Independent broker research
027Vol. IVJuly 8, 2026
— independent broker research —

Credit Rating

A credit rating is an independent assessment of how likely a borrower is to repay debt on time, expressed as a letter-grade scale that helps investors gauge default risk.

Credit Rating glossary illustration

What a Credit Rating Means

A credit rating is an evaluation of a borrower's ability and willingness to repay its debts in full and on time. Ratings apply to entities such as governments, corporations, and municipalities, as well as to individual bond issues. They are typically expressed on a letter scale, ranging from very high quality (often shown as triple-A) down through progressively lower grades that signal rising default risk. The dividing line between "investment grade" and "speculative grade" is a widely watched threshold.

Why It Matters

A credit rating shapes how much interest a borrower must pay. Lower-rated issuers are seen as riskier, so investors demand a higher yield to compensate. A rating also affects a bond's price in the secondary market: a downgrade can push prices down, while an upgrade can lift them. For investors building a portfolio, ratings offer a quick shorthand for comparing the relative safety of different bond holdings and supporting broader diversification decisions. You can explore related concepts through our educational articles.

A Simple Example

Imagine two companies each issuing a bond with a similar maturity. Company A carries a high investment-grade rating, while Company B carries a speculative-grade rating. To attract buyers, Company B may need to offer a coupon several percentage points above Company A's. An investor accepting that higher payout is being compensated for taking on greater perceived risk of missed payments.

Common Mistakes

One frequent error is treating a rating as a guarantee. A rating is an opinion about probability, not a promise; even highly rated borrowers can default, and ratings can change. Another mistake is ignoring the direction of change. A stable high rating and a recently downgraded high rating can send very different signals. Investors also sometimes confuse the rating of a company as a whole with the rating of a specific bond issue, which can differ based on seniority and collateral. Finally, some chase high yields on low-rated debt without weighing the added risk against their own risk tolerance.

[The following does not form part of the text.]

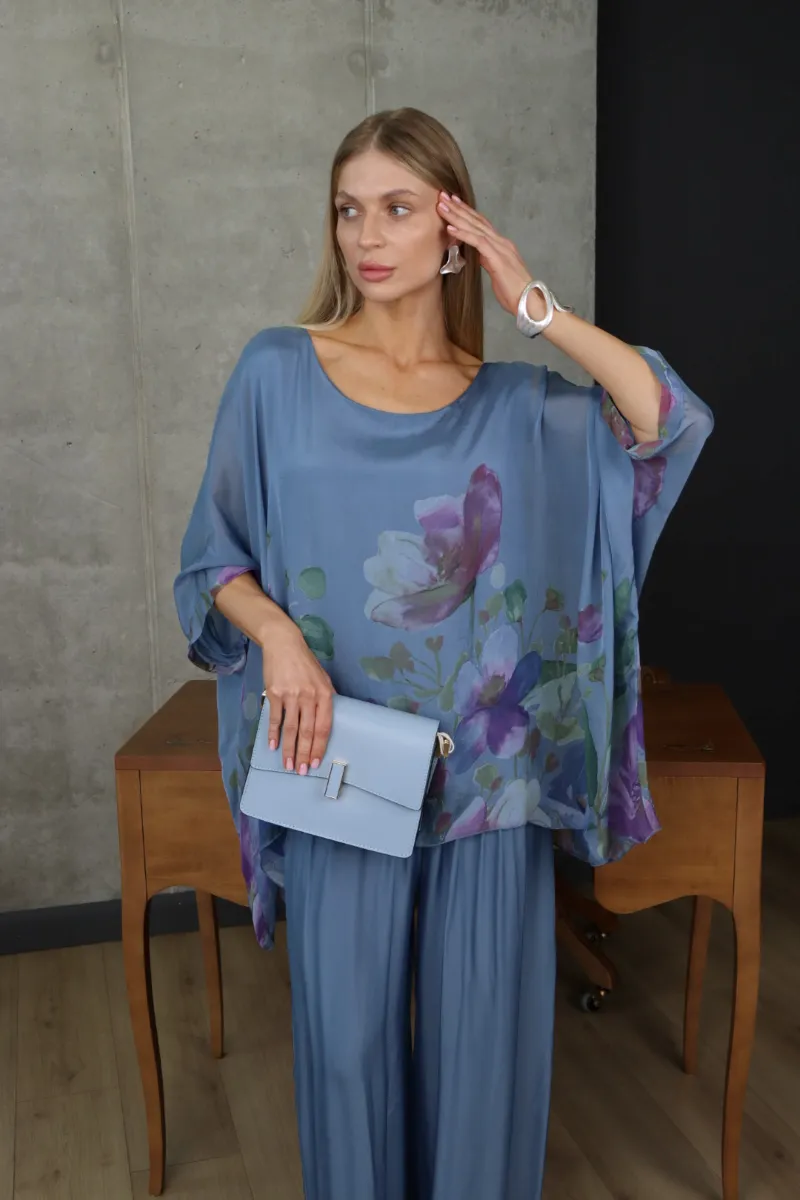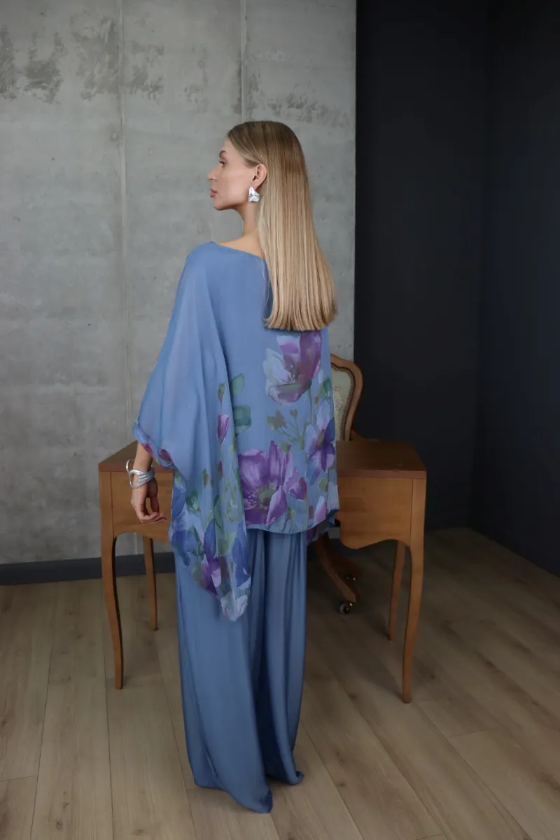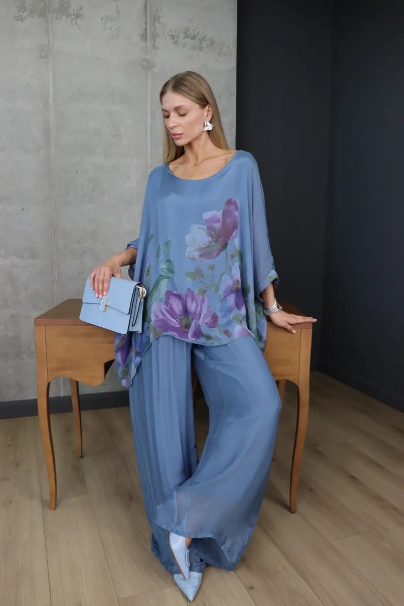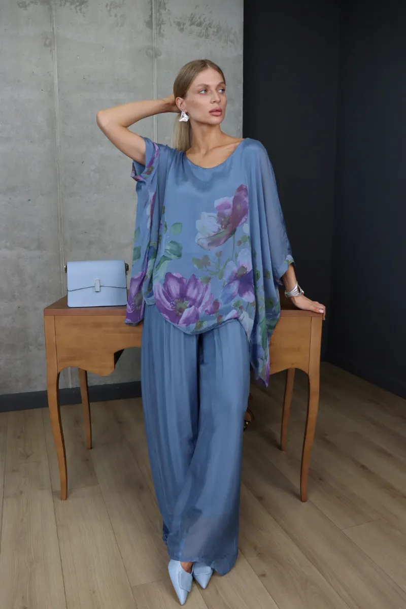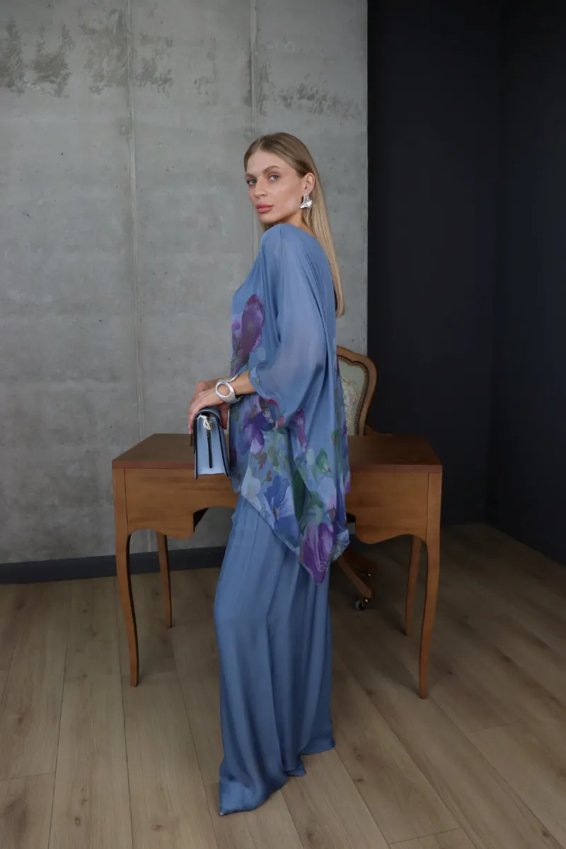 Комплект складається з вільної блузи з квітковим принтом та широких штанів, що створюють витончений і гармонійний силует.
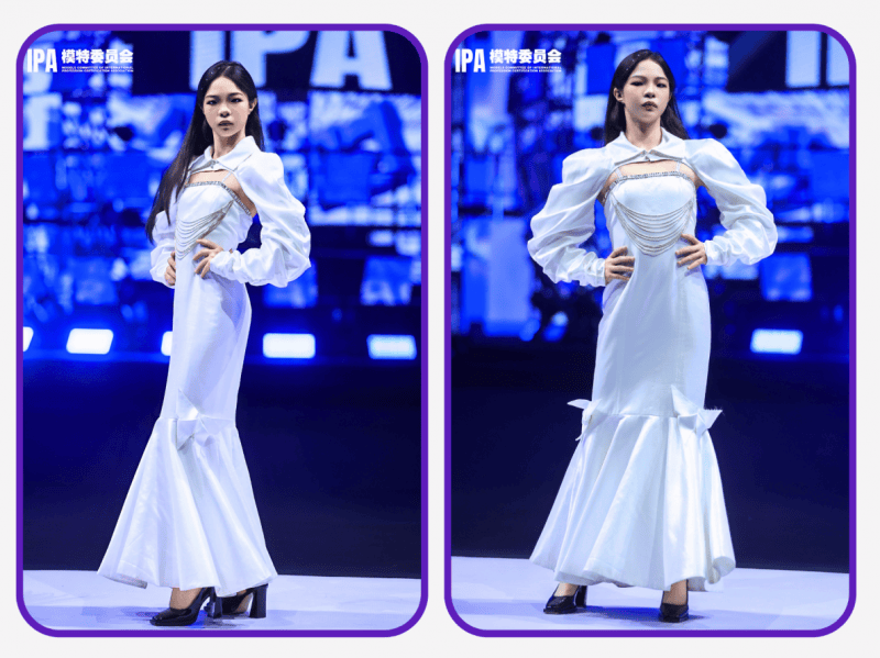 参与这场活动的荣耀官张梦馨凭借出色发挥,和瞩目的亮相环节,自成焦点,成为秀场上一道独一无二的风景线。在开幕式展示秀上,张梦馨身着白色修身长裙,大袖与链饰别致,脚蹬黑高跟。她神情冷艳,身姿婀娜,台步优雅,气场十足。

What to Verify Before Acting

Before relying on a rating, confirm which agency issued it, the date it was last reviewed, and whether it carries a positive, stable, or negative outlook. Check whether the rating applies to the issuer or to the particular security you are considering. Read the accompanying rationale where available, since it explains the drivers behind the grade. Remember that ratings are one input among many; they do not capture interest-rate sensitivity, liquidity conditions, or your personal circumstances. Cross-reference a rating with the bond's price, coupon, and structure rather than viewing it in isolation. You may also want to compare how different fixed-income products fit together using our comparison tools. Because ratings can lag market events, treat them as a starting point for research, not a final verdict.